***** COLLECTED MATERIAL

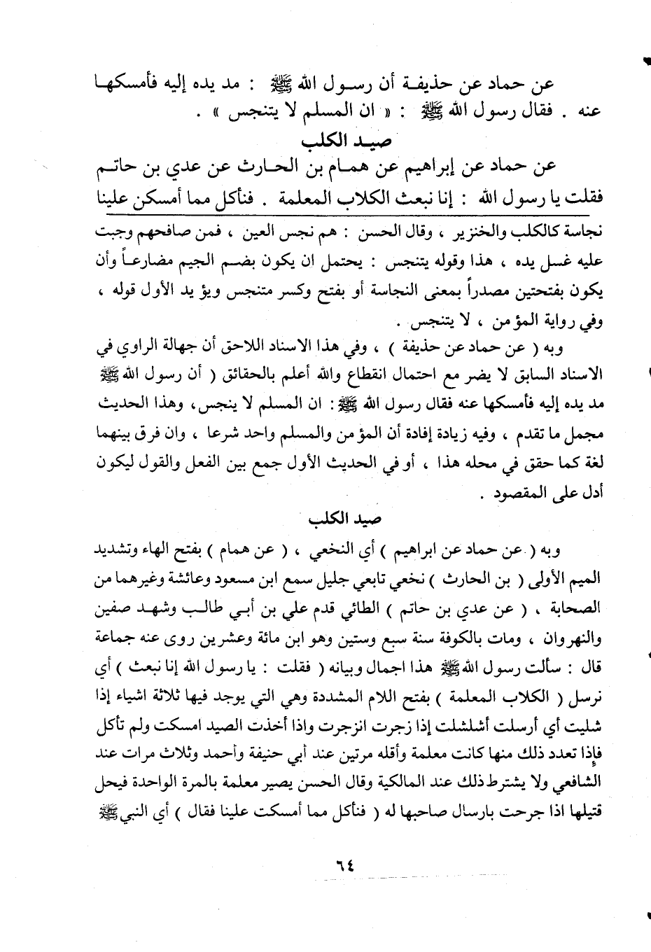 وبه (عن حماد عن حذيفة) وفي هذا الإسناد اللاحق أن جهالة الراوي في الإسناد السابق لا يضر مع احتمال انقطاع والله أعلم بالحقائق (أن رسول الله صلى الله عليه وسلم مد يده إليه فأمسكها عنه فقال رسول الله صلى الله عليه وسلم: إن المسلم لا ينجس، وهذا الحديث مجمل ما تقدم، وفيه زيادة إفادة أن المؤمن والمسلم واحد شرعاً، وإن فرق بينهما لغة كما حقق في محله هذا، أو في الحديث الأول جمع بين الفعل والقول ليكون أدل على المقصود.
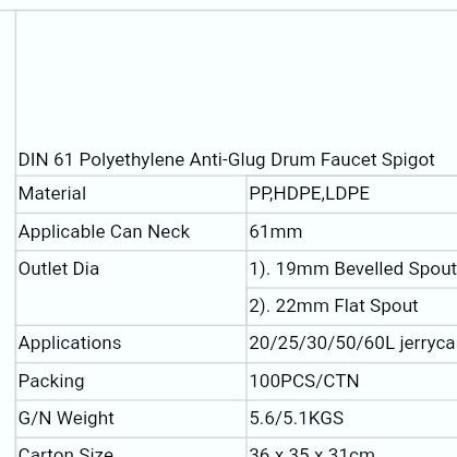 Tappehane til brug ved manuel tapning fra DIN 61 dunke typisk 20 liter og 25 liters dunke. Tjek specifikationer på billedet.
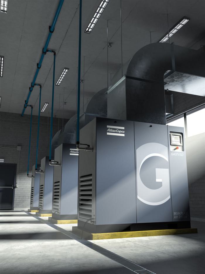 50 % während Investition, Wartung und Ersatzteilbestand ebenfalls enorm begrenzt werden. Der GA 37-75 VSD+ ist der Schraubenkompressor der Zukunft und eine Eigenentwicklung von Atlas Copco.

**********

The result is an exact copy of the lines from the one holding "Tappehane til brug" through the final line of the data above, both ends included, minus the pictures.

 Tappehane til brug ved manuel tapning fra DIN 61 dunke typisk 20 liter og 25 liters dunke. Tjek specifikationer på billedet.
 50 % während Investition, Wartung und Ersatzteilbestand ebenfalls enorm begrenzt werden. Der GA 37-75 VSD+ ist der Schraubenkompressor der Zukunft und eine Eigenentwicklung von Atlas Copco.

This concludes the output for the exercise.